Bilahere yaşam destek ünitelerini tasarlamaya geldi sıra. Öncelikle çok yönlü, ve her özellikten belli bir seviye yakalamış kadını aramam gerekiyordu. Lider özellikli olacak, gerektiğinde erkeğini kayıtsız şartsız destekleyecek, aynı anda anne ve çocuk olma kabiliyetlerinde bir varlık. Uydudan izledikleri için farkettiler ve bana gönderdiler Amerikan Kadınını.

Bu kadının bir diğer özelliği ise, ağır şartlarda hem işini hem kadınlığını uzun yıllar sergileyecek ve kırkından sonra bir kırk daha çıkaracak metanette, gayrette ve onurda birisi olmalıydı. Mailimin uyarısı yandı söndü ve işte karşımdaydı: Japon kadını.

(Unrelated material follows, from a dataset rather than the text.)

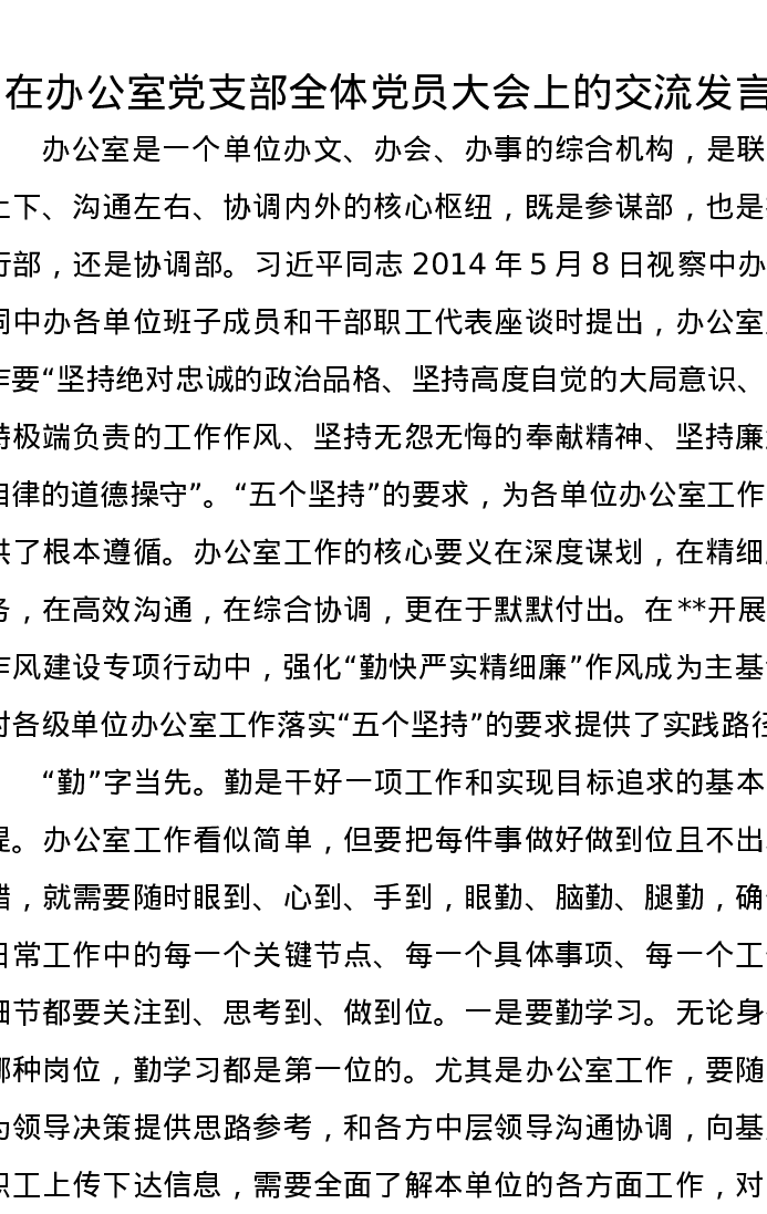 在办公室党支部全体党员大会上的交流发言

Sıra gelmişti, en önemli birleşeni monte etmeye. Fahişelik vasfını. Ölçtüm biçtim, çarptım böldüm, dünyanın bütün kadınları aynı tahlil sonuçlarını veriyordu. Hemen hemen. Sonunda fahişeliği destekleyen maddeleri işin içine kattığımda, uzaktan bir müzik duyuldu: Samba. Dünya tarihinin en çocuksu ve en ateşli, bileşeni olan Brezilya kadını.

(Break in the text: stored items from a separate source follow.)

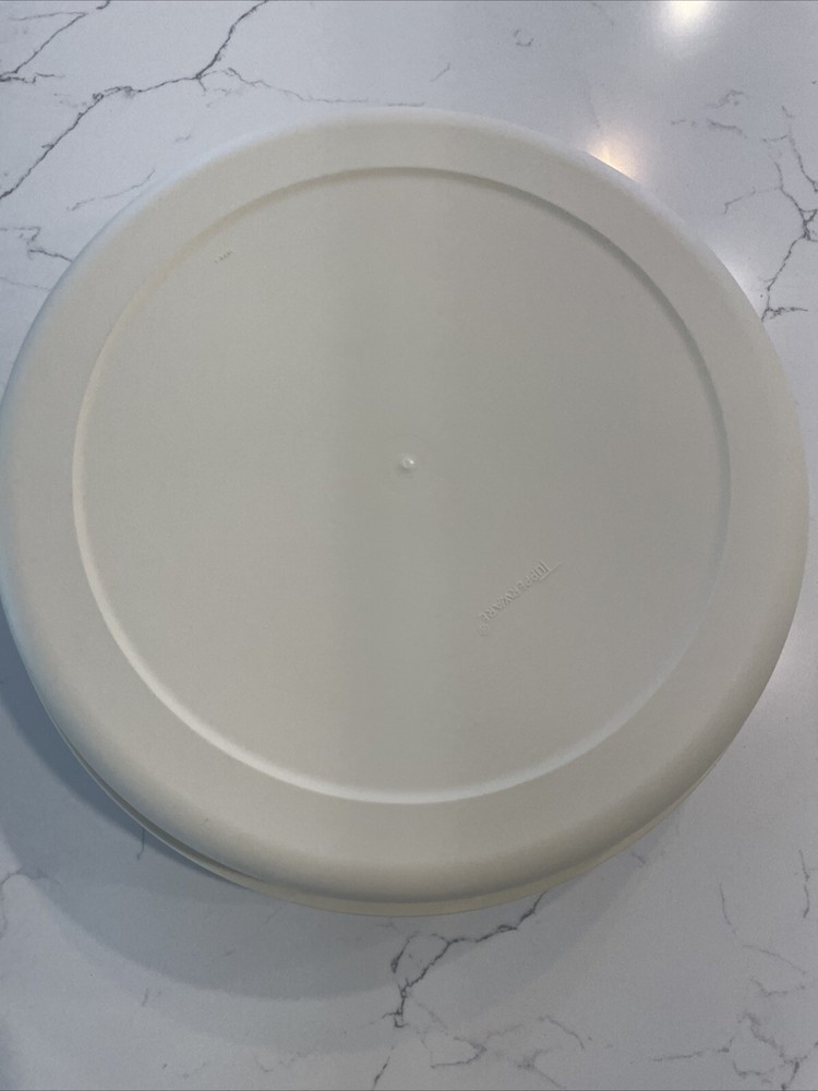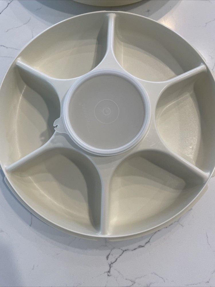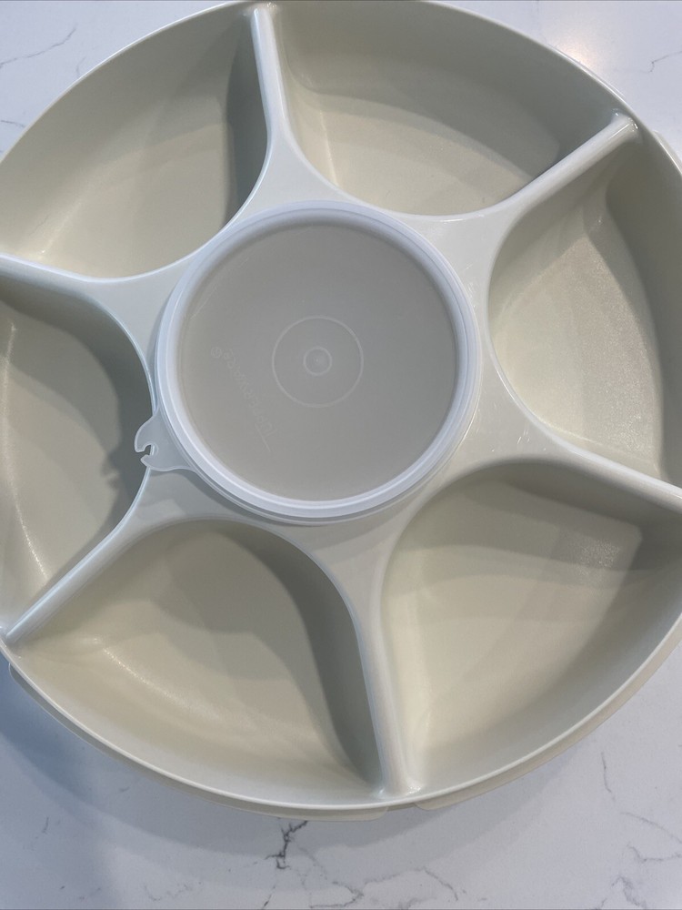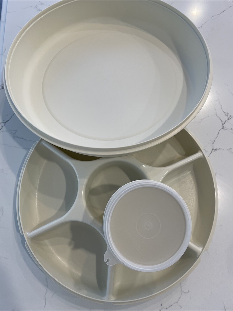 This vintage Tupperware serving tray is a must-have for any kitchen. With a large round shape and multiple slots for serving vegetables and dips, this tray is perfect for any occasion. The tray comes with a snap-on lid and a dip container and lid, making it easy to keep your food fresh and organized. Made of durable plastic, this Tupperware serving tray is break and chip resistant, shatterproof, and odor-resistant. The tray is also easy to clean and multipurpose, making it a great addition to any kitchen. Whether you're serving food at a party or just need a reliable tray for your everyday meals, this vintage Tupperware serving tray is the perfect choice.
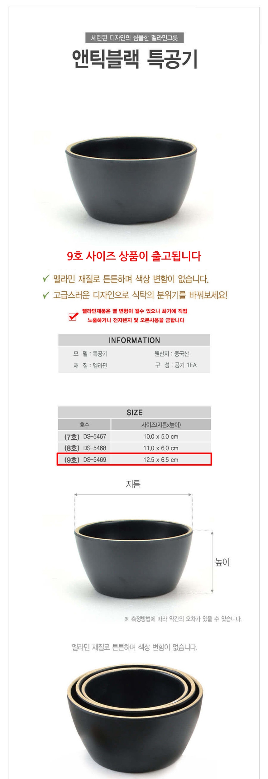 업소용 멜라민 특공기 밥그릇 앤틱블랙 9호 12cm 이미지/
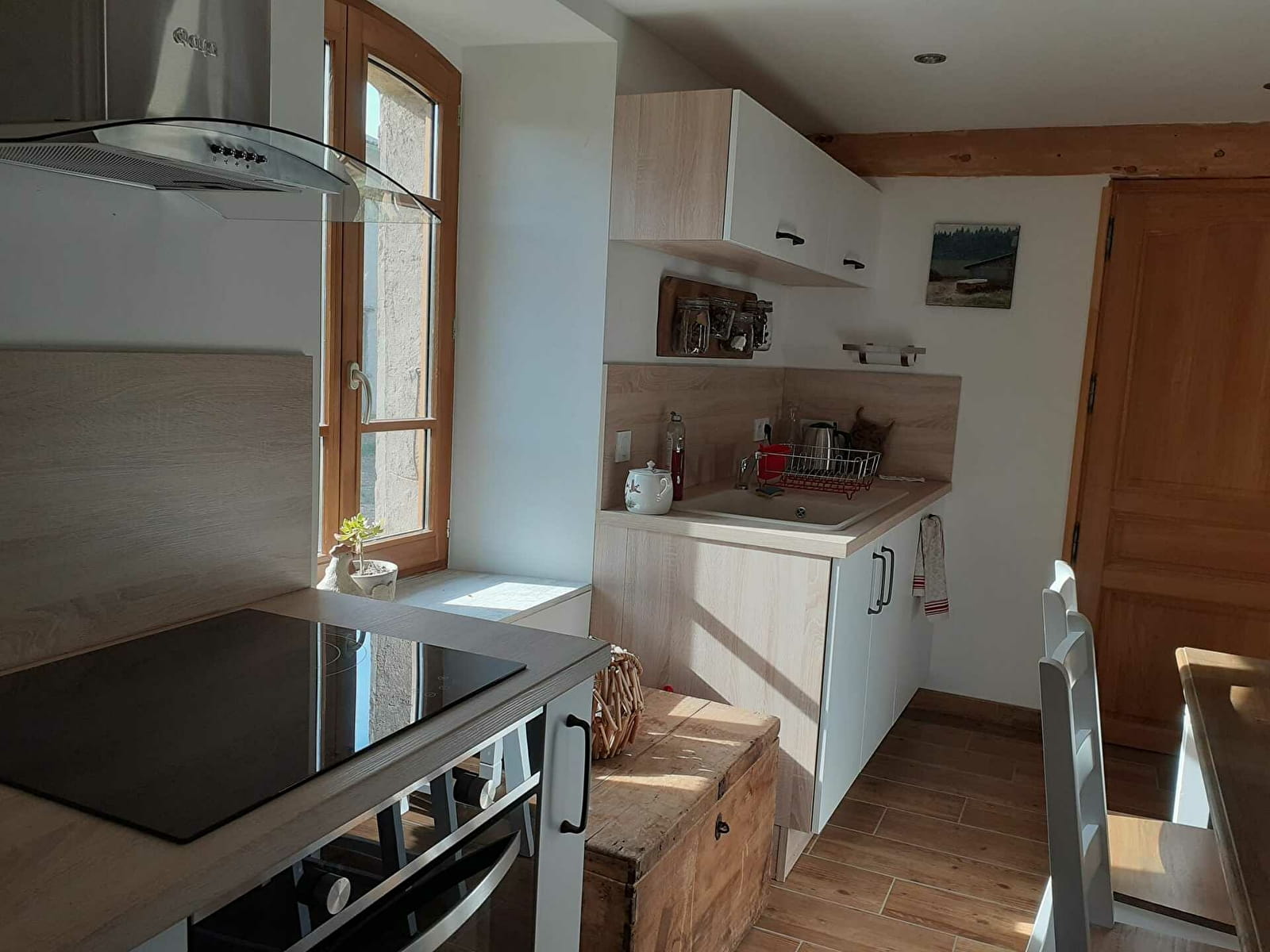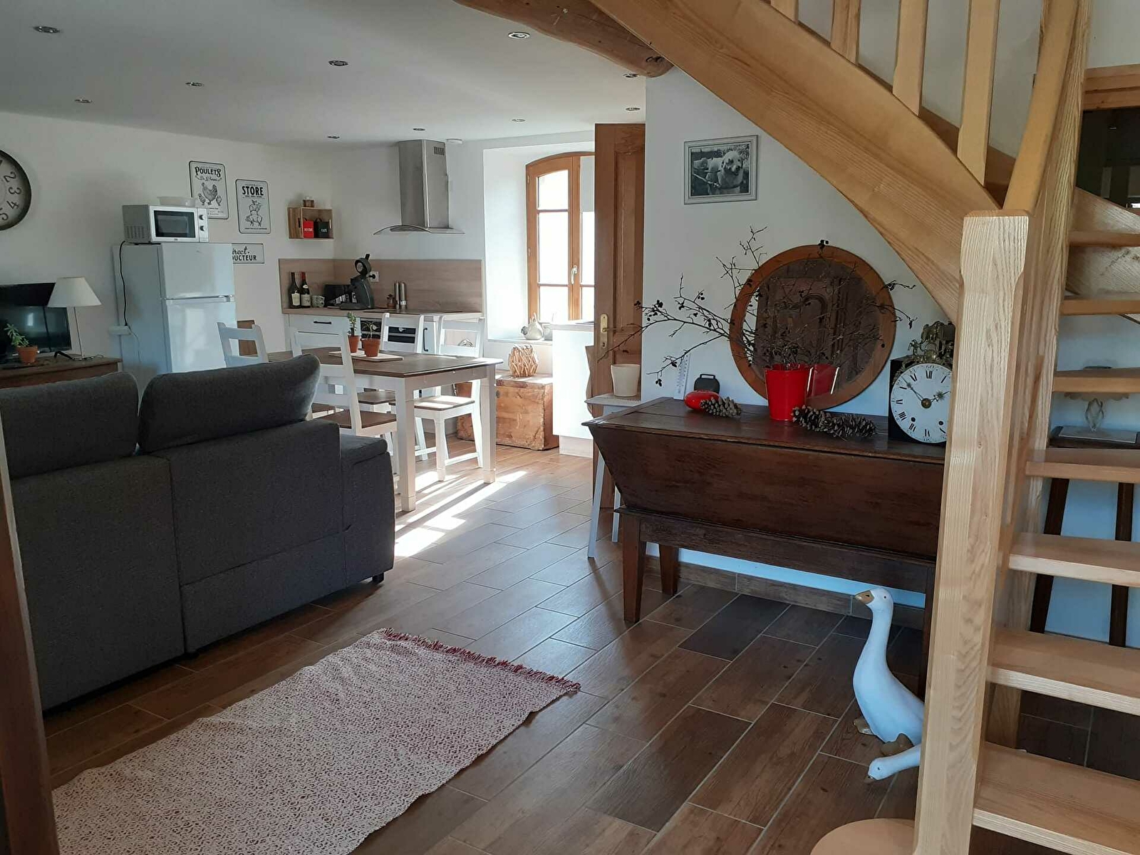 Il comprend en rez-de-chaussée une agréable pièce de vie avec un poêle à bois, une cuisine bien équipée ainsi qu'une salle d'eau.

Sıra geldi oral yetenek olan konuşma, aksan, ve sestonu denilen multimedya özelliğine. Burada biraz tembellik yaptım, çünkü o sesi 20 senedir tek geçiyorum. Yunan kadını.

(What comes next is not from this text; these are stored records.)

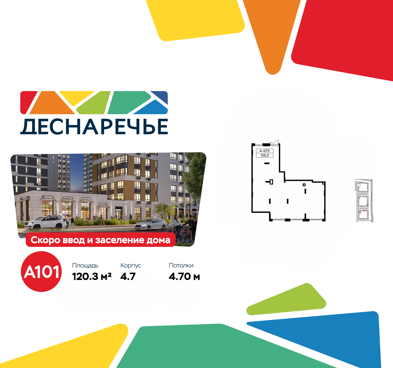 Продается торговое помещение площадью 120.30. на 1-м этаже ЖК «Деснаречье».
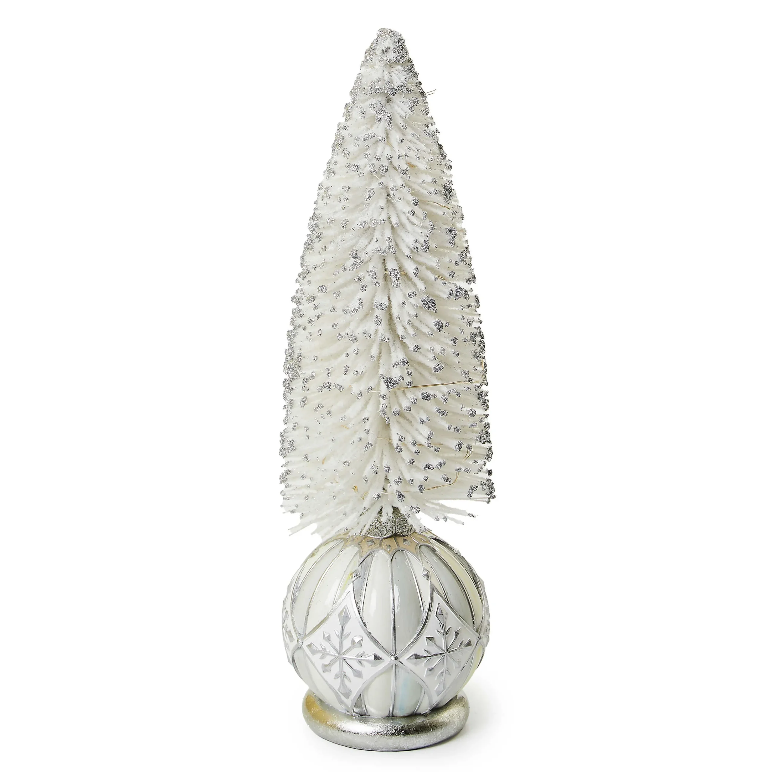 Deck the table, the mantel, and more with this small illuminated white bottle brush that’s dusted with silver glitter and set in an ornament base decorated with Sterling patterns and glitter.
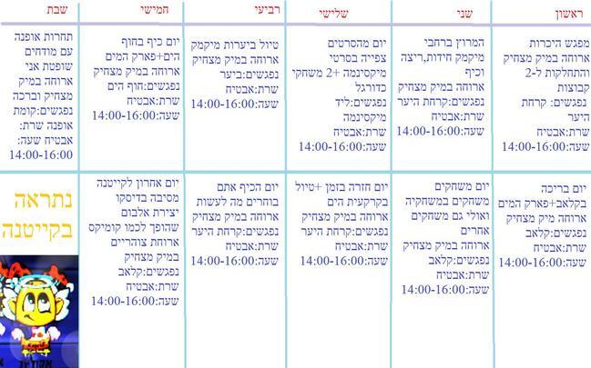 14.7-יום המשחקים נפגשים:קלאב שרת:אבטיח שעה:14:00-16:00

Kendini en sıradışı gösterme diye bir donanıma odaklandım. Windows her 3 senede bir bu konuda patırtı yapar ya, bu paralelde düşünerek ışığı gördüm. İspanyol kadını.

Bu kadar özelliği eklediğim metal fahişenin güvenlik ayarlarınada bir katkı gerekiyordu. Fahişeliğini her zaman göstermesi durumunda ayarlarını korumanın imkansız olduğu gerçeğiyle. Öyleyse fahişe ruhunu en iyi saklayan bir türe odaklanmalıydım, ışıkları kapattım ve onu gördüm. Arap kadını.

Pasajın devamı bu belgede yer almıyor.